元営業トップクラスの経営者ほど陥りやすい罠
「経営者が今までおこなってきた現場のノウハウをきちんと部下に伝えていけば、自然と売り上げは伸びるだろう」。そのような考えで起業をし、実際はどれだけ教えても売り上げが上がらない部下に日々、頭を悩まされる。経営者と従業員は明らかに違う「個」であり、育ってきた環境・価値観・考えもまるで違います。自分は難なくできるのだから周りもそうであろう、は大きな間違いです。それぞれに特徴があるからこそ、その特徴を生かした仕事・職場の立ち位置、動き方は変わります。

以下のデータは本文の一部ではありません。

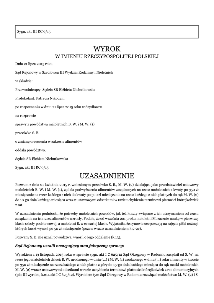Sygn. akt III RC 9/15 WYROK W IMIENIU RZECZYPOSPOLITEJ POLSKIEJ Dnia 21 lipca 2015 roku Sąd Rejonowy w Szydłowcu III Wydział Rodzinny i Nieletnich w składzie: Przewodniczący: Sędzia SR Elżbieta Niebutkowska Protokolant: Patrycja Nikodem po rozpoznaniu w dniu 21 lipca 2015 roku w Szydłowcu na rozprawie sprawy z powództwa małoletnich B. W. i M. W. (1) przeciwko S. B. o zmianę orzeczenia w zakresie alimentów oddala powództwo. Sędzia SR Elżbieta Niebutkowska Sygn. akt III RC 9/15 UZASADNIENIE Pozwem z dnia 21 kwietnia 2015 r. wniesionym przeciwko S. B., M. W. (2) działająca jako przedstawiciel ustawowy małoletnich B. W. i M. W. (1), żądała podwyższenia alimentów zasądzonych na rzecz małoletnich z kwoty po 350 zł miesięcznie na rzecz każdego z nich do kwoty po 500 zł miesięcznie na rzecz każdego z nich płatnych do rąk M. W. (2) do 10-go dnia każdego miesiąca wraz z ustawowymi odsetkami w razie uchybienia terminowi płatności którejkolwiek z rat. W uzasadnieniu podniosła, że potrzeby małoletnich powodów, jak też koszty związane z ich utrzymaniem od czasu zasądzenia na ich rzecz alimentów wzrosły. Podała, że od września 2015 roku małoletni M. zacznie naukę w pierwszej klasie szkoły podstawowej, a małoletni B. w czwartej klasie. Wyjaśniła, że synowie uczęszczają na zajęcia piłki nożnej, których koszt wynosi po 50 zł miesięcznie (pozew wraz z uzasadnieniem k.2-2v). Pozwany S. B. nie uznał powództwa, wnosił o jego oddalenie (k.13). Sąd Rejonowy ustalił następujący stan faktyczny sprawy: Wyrokiem z 13 listopada 2013 roku w sprawie sygn. akt I C 625/12 Sąd Okręgowy w Radomiu zasądził od S. W. na rzecz jego małoletnich dzieci: B. W. urodzonego w dniu (...) i M. W. (1) urodzonego w dniu (...) roku alimenty w kwocie po 350 zł miesięcznie na rzecz każdego z nich płatne z góry do 15-go dnia każdego miesiąca do rąk matki małoletnich M. W. (2) wraz z ustawowymi odsetkami w razie uchybienia terminowi płatności którejkolwiek z rat alimentacyjnych (pkt III wyroku, k.214 akt I C 625/12). Wyrokiem tym Sąd Okręgowy w Radomiu rozwiązał małżeństwo M. W. (2) i S. W. przez rozwód z winy obu stron i wykonywanie władzy rodzicielskiej nad małoletnimi dziećmi powierzył matce, M. W. (2) z prawem ojca S. W. do współdecydowania wspólnie z matką o ważniejszych sprawach dzieci takich jak: wybór szkoły, zawodu, zmiana miejsca zamieszkania, leczenie i wydanie paszportu (pkt II wyroku). Apelację od wysokości zasądzonych alimentów wniosła M. W. (2) (k.231-232 akt I C 625/12). Wyrokiem Sądu Apelacyjnego w Lublinie z 05 czerwca 2014 roku apelacja została oddalona (k.251 akt I C 625/12). Jak wynika z treści odpisu skróconego aktu małżeństwa (k.6 akt I C 625/12 S. B. po zawarciu małżeństwa przyjął nazwisko żony (...), a następnie po orzeczeniu rozwodu powrócił do nazwiska rodowego (...). W dacie zasądzenia alimentów małoletni zamieszkiwali z matką, która wynajmowała mieszkanie za kwotę 700 zł miesięcznie, za które ponosiła opłaty za media w kwocie po 200 zł miesięcznie. M. W. (2) miała 32 lata i pracowała jako pomoc kuchenna z wynagrodzeniem ok. 1 160 zł, otrzymywała też zasiłek rodzinny w wysokości 190 zł. Małoletni uczęszczali na dodatkowe zajęcia sportowe płatne po 50 zł miesięcznie. S. W. pracował jako kierowca z wynagrodzeniem 1 190 zł miesięcznie (uzasadnienie k.223 akt I C 625/12). Aktualnie B. W. ma 10 lat i od września będzie uczniem czwartej klasy szkoły podstawowej. M. W. (1) ma 7 lat i od września będzie uczniem pierwszej klasy. Obydwaj będą uczęszczać do szkoły podstawowej w S.. Małoletni B. już uczęszcza do tej szkoły, w roku szkolnym 2014/2015 do klasy trzeciej, zaś małoletni M. w roku szkolnym 2014/2015 uczęszczał do przedszkola, również w S.. Opłata za obiady w przedszkolue wynosiła 100 zł miesięcznie. B. W. również miał w szkole wykupione obiady za 90 zł miesięcznie i będą one kontynuowane. Małoletni co miesiąc chodzą do fryzjera, co kosztuje łącznie 20 zł miesięcznie. W szkole matka małoletniego B. uiszcza składki na ubezpieczenie – 40 zł oraz składkę na potrzeby klasy w wysokości 50 zł. W roku szkolnym jest jedna dłuższa wycieczka, której koszt jak dotychczas wynosił 150 zł. Małoletni B. uczestniczy też wraz z klasą w wyjściach do kina, do teatru, występach filharmonii, co kosztuje ok. 8 zł jednorazowo. Do szkoły małoletni są odwożeni przez matkę M. W. (2), która pracuje w przedszkolu w S., tego samego, do którego uczęszczał małoletni M., lub przez samą M. W. (2), która pracuje w S. w Zespole (...) w S. na stanowisku pomoc kucharki z przeciętnym wynagrodzeniem miesięcznym 1 992,89 zł netto (zaświadczenie k.12). M. W. (2) użytkuje samochód, którego miesięczny koszt użytkowania wynosi ok.500-600 zł. Na kwotę tę składają się jej dojazdy do pracy i dowozy dzieci do szkoły i przedszkola, wyjazdy na zakupy, jak również dojazdy popołudniowe do S. z powodu uczęszczania tam syna B. na zajęcia z piłki nożnej. Koszt zajęć z piłki nożnej to 50 zł miesięcznie. Zajęcia odbywają się trzy razy w tygodniu. Małoletni ponadto uczestniczy w turniejach piłki nożnej, w sezonie jest ich ok. 10. Czasami wystarczy dowieźć syna do S., skąd zabiera go wynajęty bus, a czasami trzeba go zawieźć bezpośrednio na miejsce odbywania się turnieju. M. W. (2) wraz z synami ponownie zamieszkała w Z. w domu należącym wspólnie do niej i byłego męża, pod koniec sierpnia zeszłego roku. Zajmuje wraz z synami piętro budynku. Jak dotychczas zapłaciła 140 zł za wodę (wtórnik operacji k.11) i 426 zł za prąd (wtórnik operacji k.10) i były to pierwsze opłaty, które uiściła po przeprowadzce. Poprzednio opłaty uiszczał S. B.. M. W. (2) uiszcza ponadto opłatę za Internet wynoszącą 30 zł miesięcznie. Koszt wywozu nieczystości wynosi 50 zł miesięcznie. Do tego kosztu
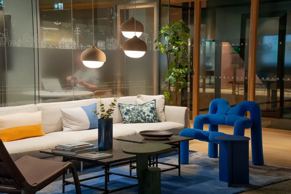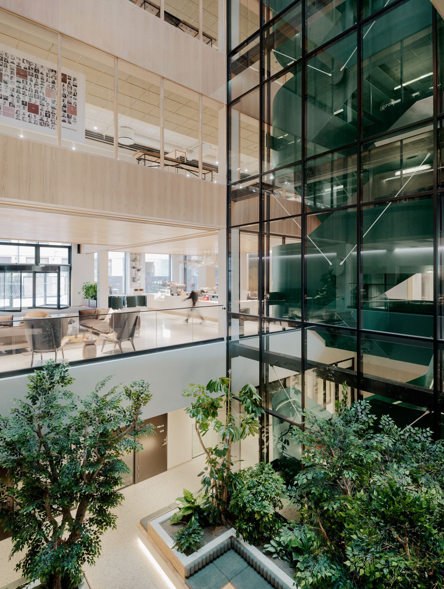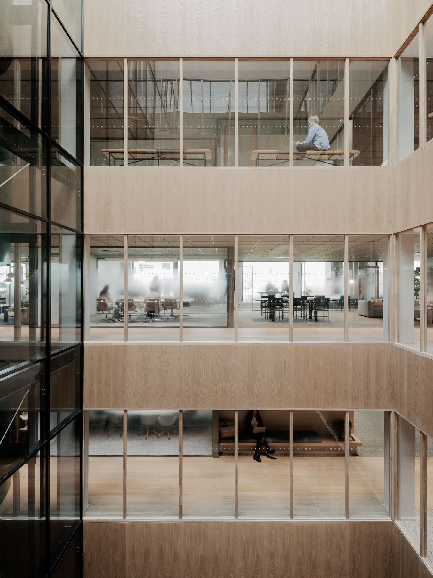 I de sosiale sonene har de valgt en grønnfarget nedsenket himling for å skjule all teknikk, noe som gir en lunere atmosfære. Bygget har «free seating», og de forskjellige avdelingene er delt inn i egne etasjer. Delen av bygget som har vindu ut mot Elgparken og Akerselva har både fin utsikt og gode dagslysforhold, så det er ingen tvil om hvor det fylles opp først.
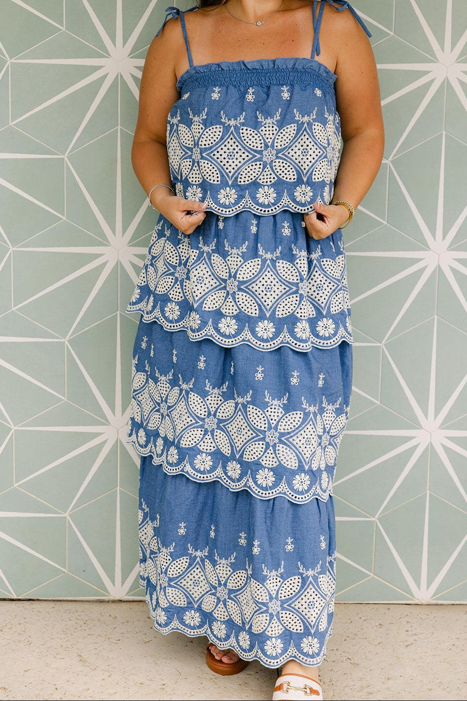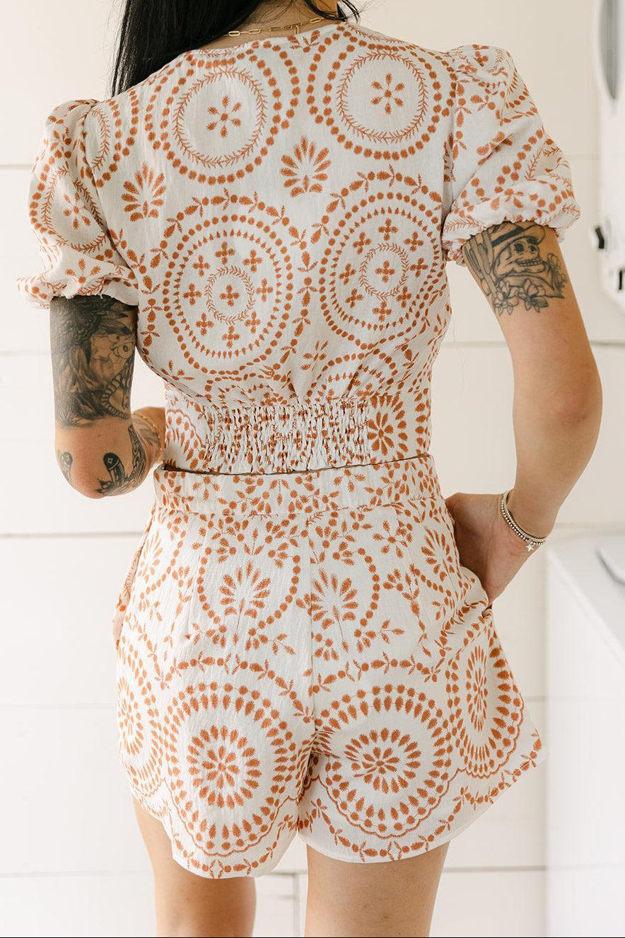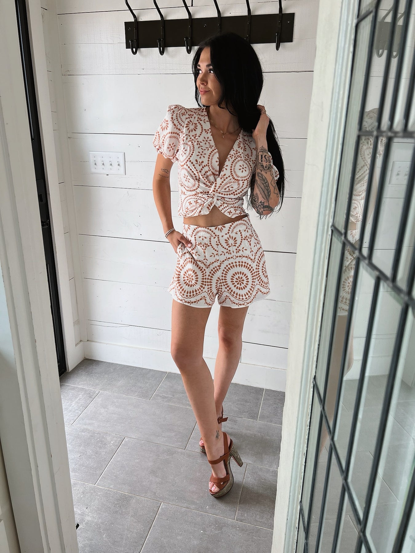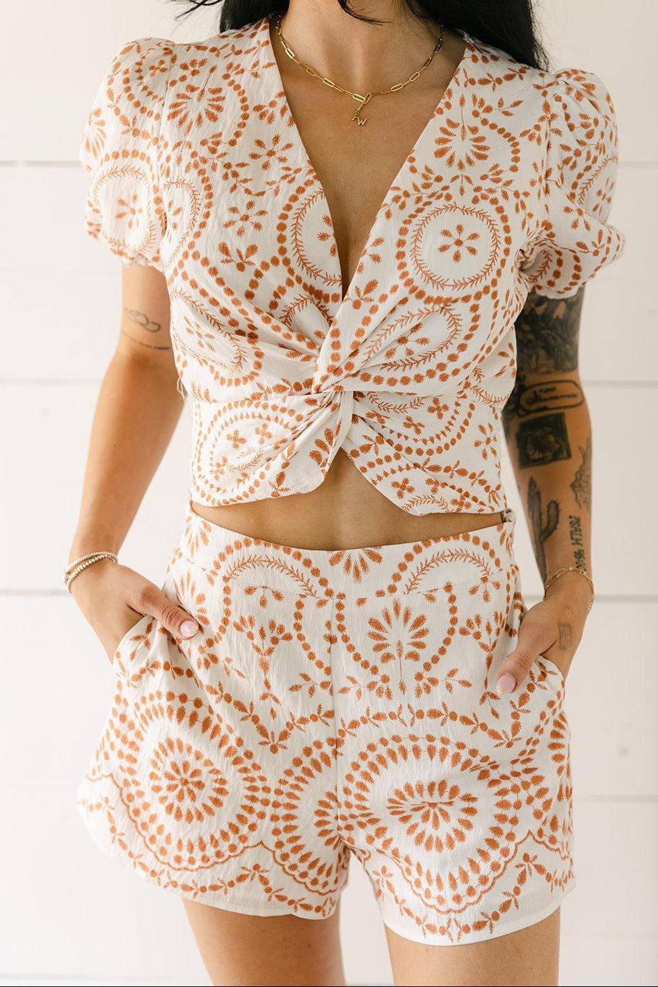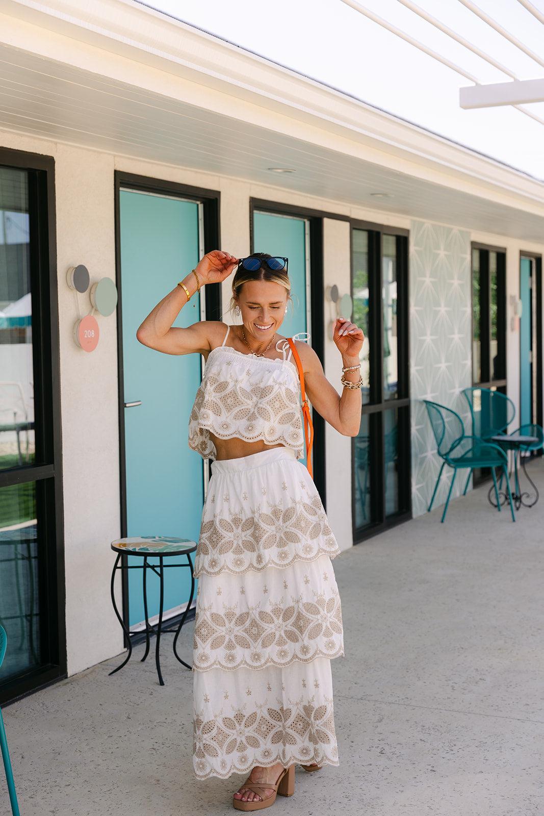This matching set features a waist-length top with a square neckline and scalloped hem, paired with a coordinating high-rise skirt in embroidered eyelet fabric. Lightweight, breezy, and effortlessly feminine.
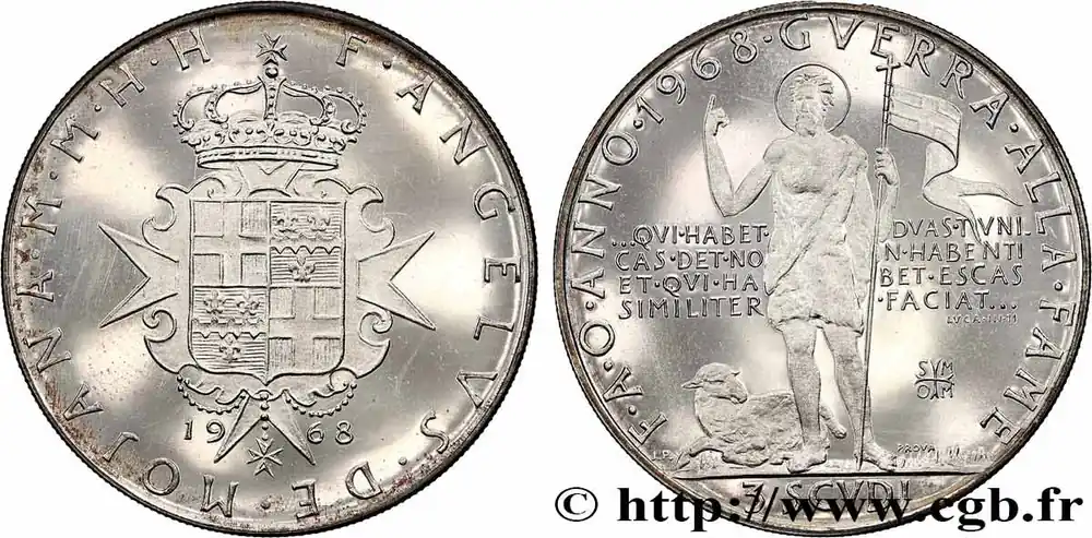 ORDRE SOUVERAIN DE MALTE 3 Scudi Proof Frà Angelus de Mojana 1968 S.M.O.M., Rome fwo_781486 Monde Fait Main
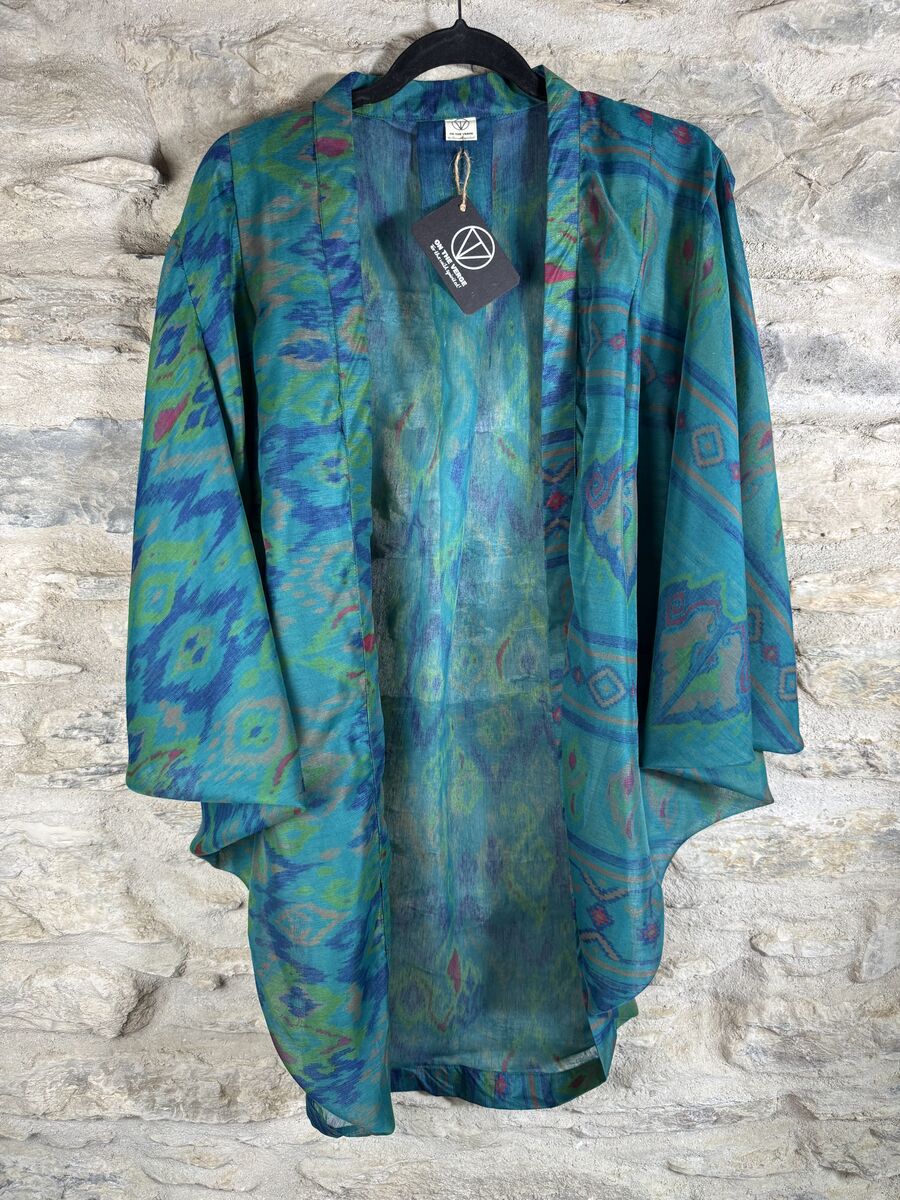 This kimono style jacket is to be worn open, it has a round cut in the back, triangular shape sleeves going below elbows

理念や想いを共有することはあっても、従業員は経営者の遺伝子は引き継いでいません。だからこそ、「共感」の2つの能力を用いながら、従業員に「自分はこの会社に必要とされている」「働く存在場所はここにある」と感じてもられないといけません。
遺伝子を引き継いでいない従業員に、経営者と同じレベルの貢献を求めても、参ってしまうだけなのです。同じやり方、同じ考えではなく、それぞれの考え方に寄り添いながら、明確な区別を維持することで、信用性・信頼性もUPし、必要とされていることに自信を持つのです。会社に属していながら、必要性を感じてもらえていない程、悲しいことはありませんよね。
共感こそが生産性を高める
共感することで、必要とされていることに気づき、仕事も前向きに取り組めていきます。そうすることで、仕事も長続きしていきますし、いつも人が辞めてしまうことから脱することができるでしょう。現社員が前向きに仕事に取り組むことで、必然的に一人ひとりの生産性も高まり、それは企業の安定の糧となります。
従業員の存在意義や共感を感じるための時間を費やすことが、生産性の高い従業員が長く会社に残って働き続けてくれる秘訣なのです。